Fifteen minutes after we crossed the Burrard Street Bridge, we were rolling through what the locals called Kitsilano, a little village-like area on the far side of English Bay. Billy Bud’s manor house stood gray and imposing on a dramatic outcropping of rock, offering a sweeping view of both the Vancouver skyline to the east and the ominous Strait of Georgia to the west.

I don’t know why. Maybe I watched too many gangster films, but I was expecting a
Godfather
scene, where you pull up to a locked gate guarded by sixteen fat guys in fedoras, and, after being inspected like a week-old eggplant, you’re reluctantly allowed inside the family compound. Not so with Billy Bailey. The gate was open and the massive circular driveway empty as we rolled to a halt. What I imagined had once been the stable and the carriage house was now a ten-car garage.

“Used to belong to William Cornelius Van Horne,” Roddy said as we stood looking out over the dark, roiling water toward Vancouver Island. He sensed we didn’t recognize the name and helped us out. “Former chairman of the Canadian Pacific Railway,” he explained. “Same fellow who built the Banff Springs Hotel.” He swung his hand in an arc. “This used to be Corny’s little urban
pied-à-terre.

Looked to be about twenty thousand square earth feet in the Scottish baronial tradition. A great chunk of concrete, faced with stone, standing sentry over the water. Were it not for the trio of security cameras chronicling our every move, it would have been easy to feel as if we’d somehow been transported back to the early twentieth century.

The front door swung open on massive wrought-iron hinges. A brunette in her midthirties stood holding the door in one hand. “Good afternoon, gentlemen,” she said. “Mr. Bailey is expecting you.” She spoke with an air of detachment, as if, as far as she was concerned, our visit held scant appeal. Great cheekbones and the kind of blue eyes that made men forget about what happened the last time they’d looked into eyes like that more than compensated for whatever she lacked in warmth.

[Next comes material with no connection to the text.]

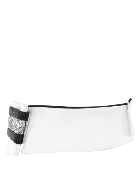 De plastron is gemakkelijk om de boord van het wedstrijdshirt of de wedstrijdblouse te bevestigen door middel van de klittenbandsluiting aan de achterkant. Wordt geleverd met een waszak.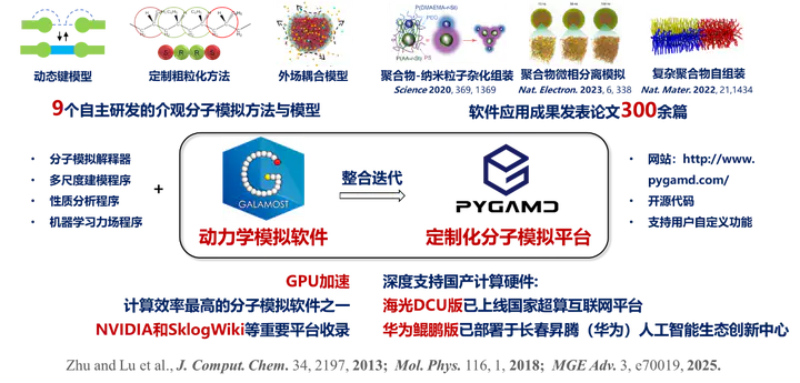 上述进展得益于吕中元教授/朱有亮研究员团队长期坚持的介观尺度软物质分子模拟软件平台建设工作–成功研制了具有完全自主知识产权的软件平台PyGAMD(软著登字第8522235号)。作为国家“十四五”重点研发计划“关键聚合物结构材料集成计算设计方法与应用”项目(2022YFB3707300)的标志性成果,该软件平台实现了从基础算法到应用的全链条创新,集成了具有自主知识产权的聚合物分子构型生成工具、分子动力学模拟引擎、数据分析程序、分子动力学解释器和机器学习力场等功能模块;支持国产异构计算平台,构建了从软件到硬件的自主可控技术体系;具有9个自主开发的介观尺度分子模拟方法/模型,应用模拟结果已在Science等刊物上发表文章超过300篇;软件应用在吉林省亚安新材料有限公司、北京玲珑轮胎有限公司等单位的聚合物材料研发中,显著加速研发进程和降低研发成本。该软件平台不仅加强了我国在高端分子模拟软件领域的实力,更为突破国外技术垄断、实现关键材料自主研发提供了强有力的工具支撑。

She wore one of those soft, fuzzy sweater suits so popular in the 1950s and 1960s. The sort of clothes that suggested rather than shouted. The robin’s egg–blue wool skirt was a couple of inches longer than current fashion but looked real good on her. A single strand of pearls completed the look and accented the firmness of her throat. Albeit retro, all in all a very put-together and alluring package.

We followed the swaying blue skirt down a seemingly endless expanse of flagstone, past what they probably called “the great room,” with its panoramic view, soaring ceiling, and stone fireplace large enough to roast an ox with the hair on. All very tweedy and heath and moor and calls to “let loose the dogs.” I felt like I was in a Basil Rathbone movie.

If Billy Bud had once been the prince of the counterculture, he’d gotten over it in a big way. No hookahs or patchouli incense. Nary a paisley shirt or Birkenstock sandal in sight. No, this was strictly lord of the manor stuff, all oak-paneled walls and glassy-eyed animal heads staring down at us as we doggedly trekked through the house.

After what seemed like a mile and a half, our tour guide stepped aside and shepherded us inside an expansive room. I glanced over my shoulder as we crossed the room. Rather
than going back to whatever she’d been doing prior to our arrival, she remained standing in the archway. I got the impression she didn’t think our visit was going to last very long and was saving herself a couple of thousand steps.

The room was a gorgeous Victorian library, floor-to-ceiling beautifully bound books, with a rolling brass ladder to provide access to the more lofty tomes. One of those rooms where the books were all gold-embossed matched sets and you couldn’t imagine that anyone had ever pulled one out to read.

Billy sat behind a half-acre mahogany desk with his fingers laced in front of him like an attendant schoolboy. He was a good-looking man. A little older than me. Fifty-something with a thick head of hair parted neatly in the middle and swept back over his ears. Big brown eyes and a little bow of a mouth that made him look thoughtful and perhaps even a bit sensitive. He pushed himself to his feet as we entered the room.

“Ah…Inspector Roddy. So nice to see you again.” “Sergeant,” Roddy corrected. “Detective Sergeant.” Billy Bailey waved a dismissive hand. “By all means consider yourself promoted,” he said magnanimously. “A man of your talents and obvious charisma…”

Billy rambled on at some length. I had to swallow a smile. Having had vast personal experience annoying the authorities, I could see right away why Billy Bud was so unpopular with Canadian law enforcement. Not only had Billy made them look inept for a quarter of a century, but he’d had a good time doing it as well. The kind of guy who kicked your ass and then made sure you didn’t forget about it. Just
the sort of attitude guaranteed to piss off serious-minded authoritarian types. Trust me, I’ve been there.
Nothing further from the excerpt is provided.